On 29 September 2012 in Gornje Jame near the town of Glina a Remembrance Chapel dedicated to the 14 Croatian civilians massacred and murdered by a Serb terrorist group led by Sinisa Martic between 3rdNovember and 11 December 1991 was unveiled. The Chapel was raised, built by a Croatian war veteran and the son of one of the murdered civilians, Ivica Kustreba. In his speech (as documented in the accompanying video, below) Kustreba (first male speaker in video) said:
“…A crime was committed here for which no one has yet answered. In this place 14 civilians were murdered with 3 children among them, and they are Nikolina Fabac, Zeljka Fabac, and Darko Dvornekovic, who had not even reached the age of 10. Murdered, massacred and burned with the rest of the civilians whose names are engraved on this remembrance plaque.
Our Generals are in the Hague, and some other prisons for command responsibility and those who perpetrated the crimes here stroll freely and laugh into our faces.

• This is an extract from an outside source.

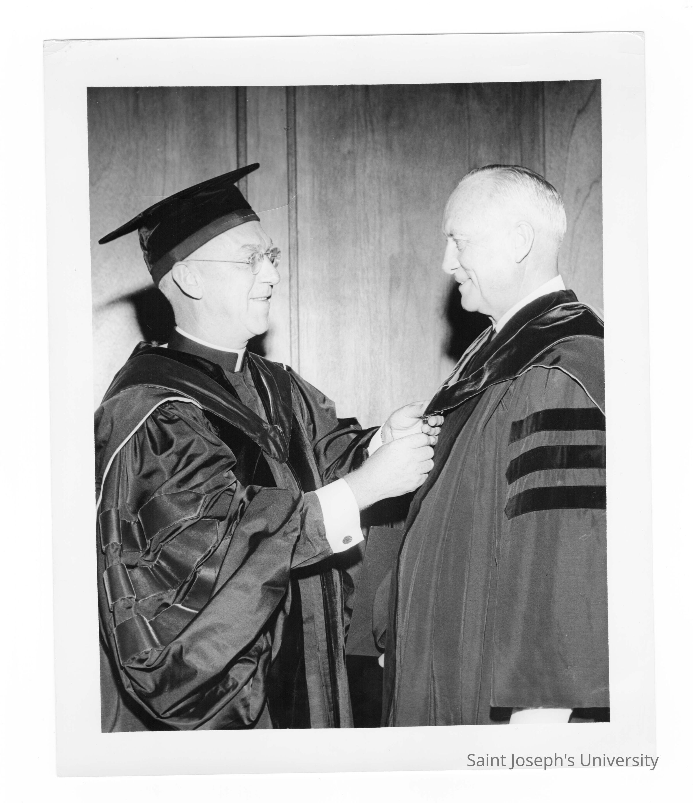 J. Joseph Bluett, S.J. with honorary degree recipient during 1959 graduation/commencement.

Darko, Nikolina and Zeljka dreamt about beautiful, free and rich Croatia and their dream was cut down early. Now, in our media some other Zeljkas and Nikolinas spin about and here they are forgotten, as if nothing had happened here and so I ask you and all in government authority: do they have a heart and do they have children. Could 21 years since this terrible crime have passed for the remembrance plaque to be raised here for the perished civilians among whom are three children … this is the only part that belongs to the town of Glina which has not a single one resident, Gornje Jame and Donje Jame once were the largest by population numbers in Glina region, and today they’re almost erased… “
(Second male speaker in video)Milan Baksic, Mayor of Glina, among other things, said:
“Gornje Jame is now a village without people, a village with dead souls …and today we have come here to bow to those souls … we have raised remembrance plaques to civilian victims of Homeland War in several places in Glina region over the past three years … all these are places of civilian victims of the Homeland War for which no one has been made responsible… 400 civilians were murdered in Glina area …I won’t say who is to blame that for 17 years after the Homeland War one could not even come to this place … let everyone carry that in his or her soul … what can I expect from our government, what can you expect, we can expect that they’ll at least one day remember and begin processes for the criminals to be caught … a long time has passed … let’s believe that one day those who did this will end up where they belong. ”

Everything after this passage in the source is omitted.